At Carr’s Ciderhouse in Massachusetts, the estate-grown apples that make for crisp bottles of cider also inspire creativity in the kitchen. In their Ciderhouse Cookbook, authors Andrea Blum, Nicole Blum and Jonathan Carr provide their take on canelés with an autumnal twist on the traditional French pastry, swapping rum for apple brandy. “Canelés, one of our favorite sweets, are soft bites of flan baked in a special mold, yielding a crispy caramelized shell that leaves you wanting another,” say the authors.
4 cups whole or 2 percent milk
6 Tbsp. butter
1 bay leaf
Seeds scraped from 1 vanilla bean pod
4 egg yolks
4 cups confectioners’ sugar
2 Tbsp. apple brandy or pommeau
1½ cups cake flour
½ tsp. salt
2 small apples, peeled, cored and diced
½ tsp. ground cinnamon (optional)
*Flexible silicone canelé molds are easier to use and less expensive than tradition copper molds.
In a small saucepan over low heat combine 2 cups of the milk, the butter, the bay leaf and the vanilla bean seeds. Warm until the butter melts, about 5 minutes. Turn off the heat and let the liquid cool for 5 minutes then remove the bay leaf.
While the liquid mixture cools, in a medium bowl add the egg yolks, sugar, apple brandy and remaining 2 cups milk, whisking to combine. Add the flour and salt, stirring again to combine. Slowly pour the warm milk and butter mixture into the flour mixture, stirring continuously. Transfer the mixture to a covered pitcher and refrigerate for 24 to 48 hours. (This step is crucial as it allows the flour to hydrate.)
When ready to bake, preheat oven to 425 degrees Fahrenheit and chill the canelé molds in the freezer for 30 minutes. Remove the batter from the refrigerator and let it come to room temperature. If some separation has occurred, gently whisk to combine.

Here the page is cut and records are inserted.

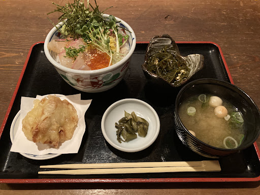 鯛なまめし(1,200円)をいただきました。 靴を脱いで入店するタイプのお店です。 靴は店員さんが下駄箱に入れて管理をしてくれます。 季節のおすすめの鰹たたき丼が食べたかったですが、早々に売り切れだった為、鯛をお願いしました。 付け合わせは味噌汁、かしわ天、切り昆布の煮物、漬け物で、ご飯と味噌汁はおかわり自由でした。 丼には鯛といくら、錦糸卵が載っていました。 鯛は捌きたてではなく熟成されており、しっとりとしていて柔らかく美味しかったです。 ご飯にもしっかりとタレがかかっていますが、優しめの味付けなので、物足りない方は卓上の醤油で調整されれば良いかと思いました。 丼は縦に細長いタイプのお洒落な物でした。 かしわ天は大ぶりの物が一つ。 そこまでパンチは強くないですが、しっかりと下味が付いている物でしたので、箸休めに良かったです。 1人でも4人用の個室に案内していただけ、感染対策もバッチリでした。 やや壁までの距離が近い個室ですが、ゆっくりと昼食を楽しみたい方にはうってつけのお店かと思いました。 帰りはお会計が終わると靴が用意されていてスムーズに退店する事ができました。 気持ちが良いランチタイムを有難うございました。
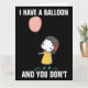 J'AI UN BALLON ET VOUS N'EN AVEZ PAS. CARTE D'ANNIVERSAIRE MESSAGE AMUSANT À L'INTÉRIEUR.
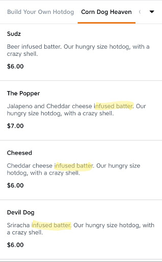 Giving them the benefit of the doubt, perhaps they had an off day on the first go round, we opted for delivery for our second go at it. Got the nice surprise of finding out their menus on the ordering apps are not up to date with what you'll receive. For example, if you order a corndog with something "infused" into the batter, you're actually getting a plain corndog with toppings poured on it. Theater cheese for theater prices a "premium" dog does not make.
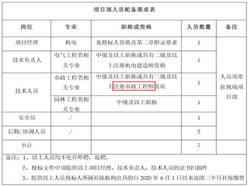 2、招标文件第69-70页,第五章供货要求“四、人员配备”项目部人员配备需求表中,技术人员要求园林工程类相关专业中级及以上职称。问:此类关键人员设置,非本景观亮化工程项目要求资格必要项,同样具倾向性。
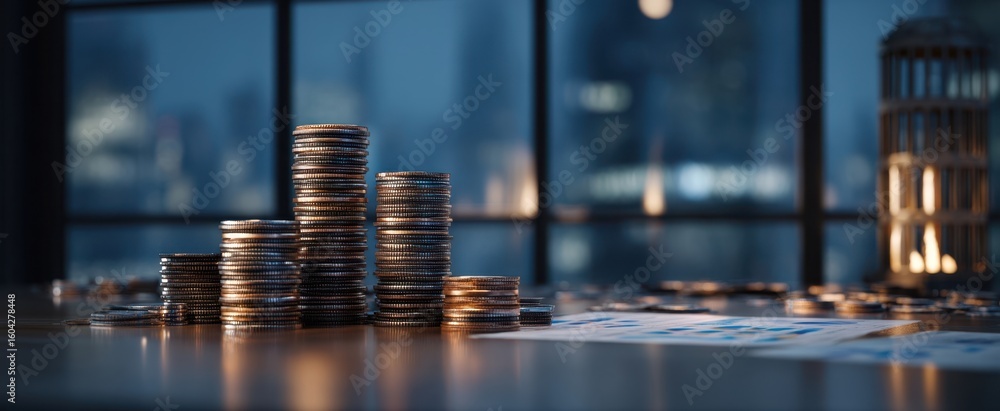 The coins stacked high representing financial growth and investment potential. #1604278448
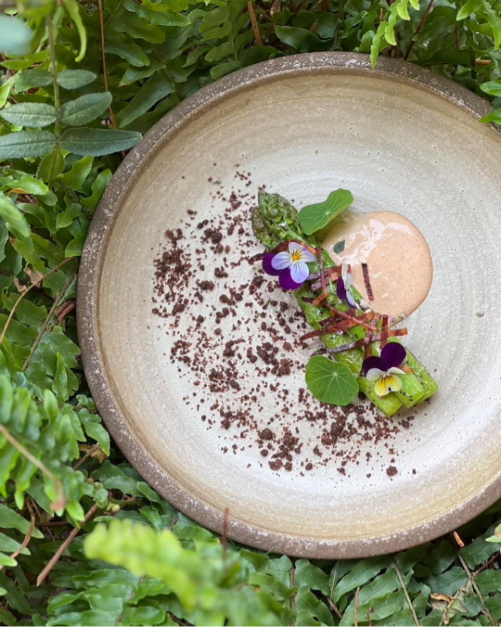 Oct.20kitchenlife 主廚劉家維使用發酵奶油做了兩種醬汁、一道甜點。搭配蘆筍的辣味奶油醬汁,是將鮮奶油與辣椒熬煮濃縮後,加上奶油增加滑順口感。搭配明蝦的蛤蠣番紅花醬汁,一樣在最後放入奶油,另外也以奶油將新鮮明蝦泡到約 7 分熟,讓蝦子擁有外表 Q 彈、內部軟嫩帶脆口的質地,且表面附著著奶油香氣。此外,他也以發酵奶油製作義大利經典甜點 Cannoli 的酥脆外殼。
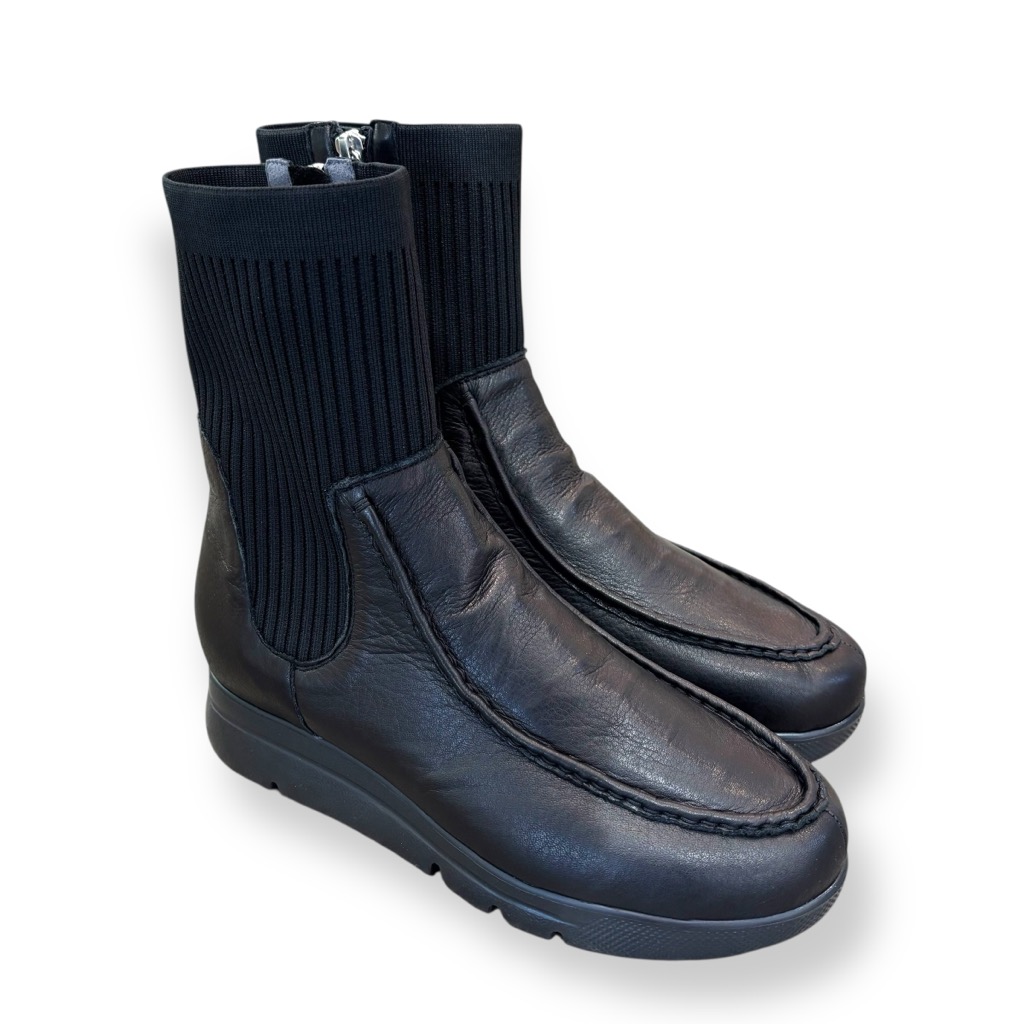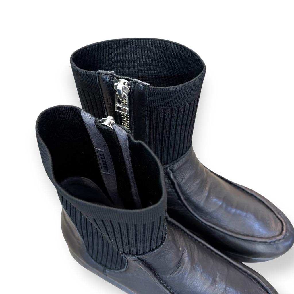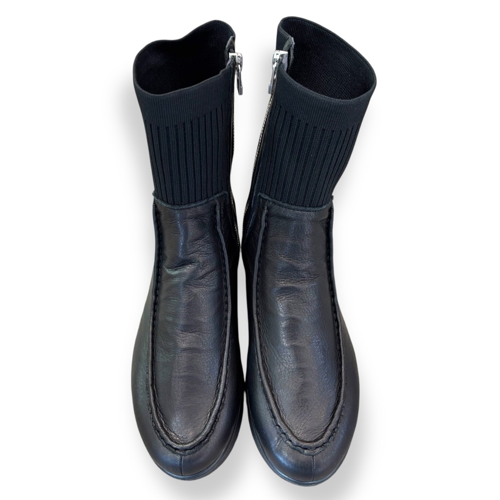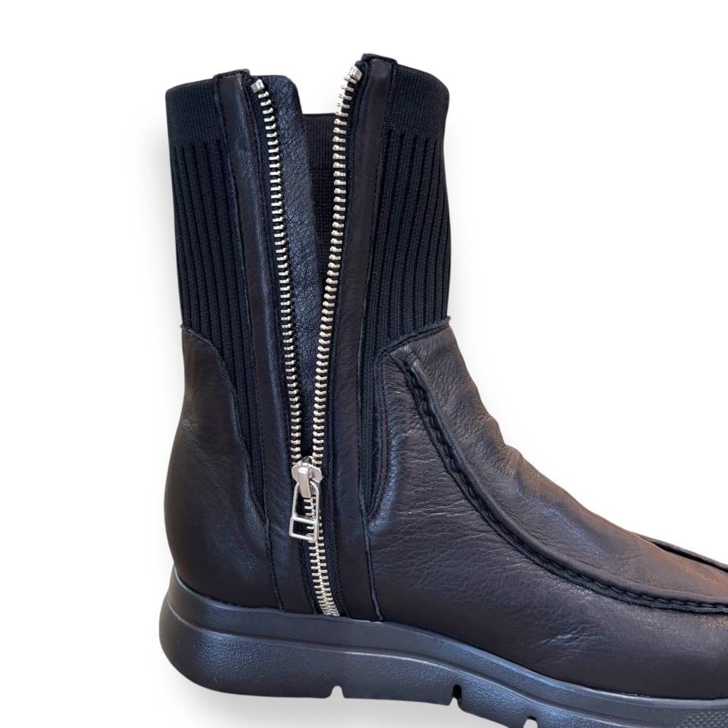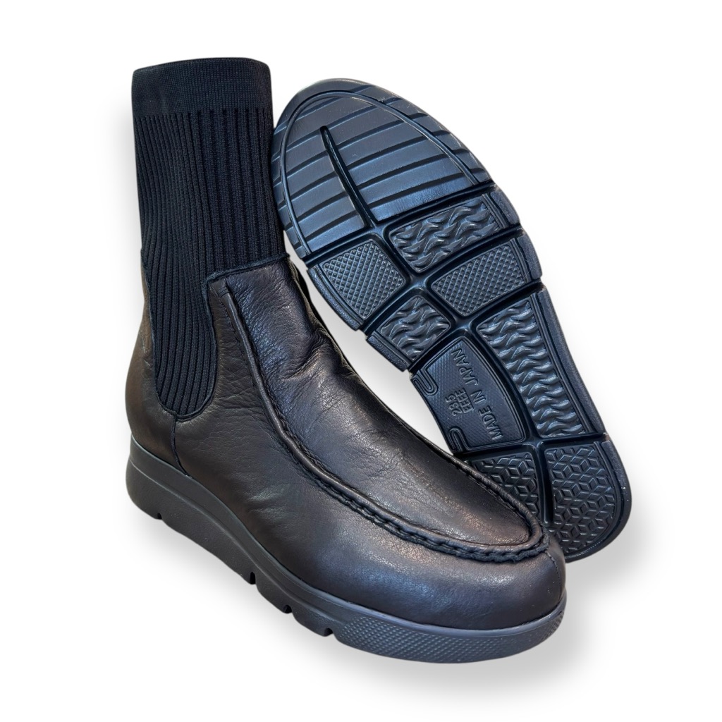 内側ファスナーになったショートブーツ。アッパーは非常に柔らかく足馴染みの良い牛革を使用。インソールはクッション入りのカップインソール。やや厚底になったソールは軽量で地面からの衝撃を吸収します。ジッパー付きで脱ぎ履き簡単。リブニットがアクセントになり色々なコーデをお楽しみいただけます。
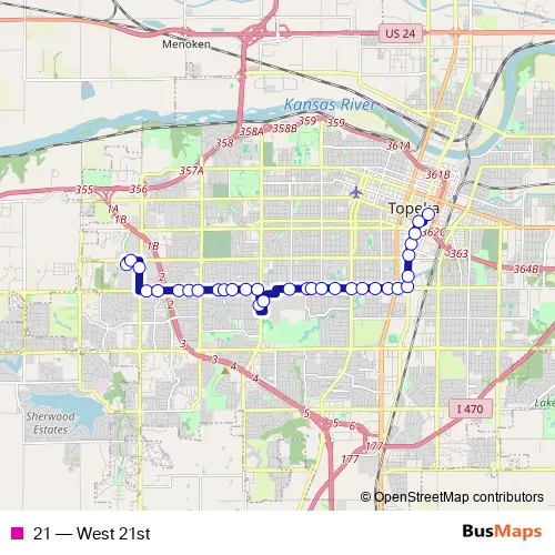 See why over 2 million users trust and consider busmaps.com as the best public transport website. busmaps gives you Topeka Buses suggested routes, real-time bus tracker, line route maps in Topeka, and helps to find the closest 21 bus stops near you. No internet available? Download an offline PDF map and bus schedule for the 21 bus to take on your trip.
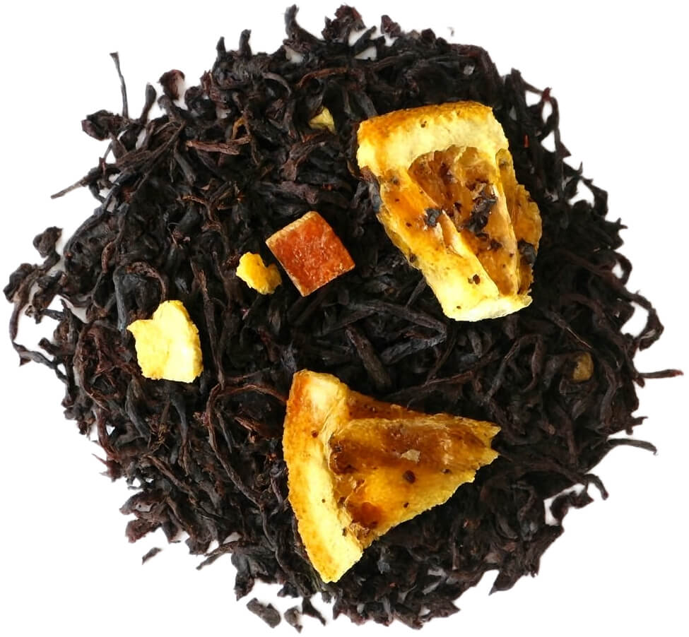 Orzeźwiająca i słodka kompozycja dla miłośników cytrusowych smaków. Czarna herbata wzbogacona ćwiartkami i skórką pomarańczy tworzy napar pełen świeżości i naturalnej słodyczy.

Place the apples and cinnamon (if using) in a medium bowl and toss together. Place the chilled molds on a baking sheet and rub them with olive oil. Fill each mold with batter up to about ⅛ inch from the top. Place a small spoonful of apples on top of the batter in each mold unit (it’s okay if they sink).
Bake them in the oven for 5 minutes, then reduce the heat to 375 degrees and bake for 1½ hours or until the canelés are caramelized (deep brown) on the outside. Turn the trays around halfway through the baking time. After removing the canelés from the oven let them cool before releasing them from the molds. They are best eaten the same day.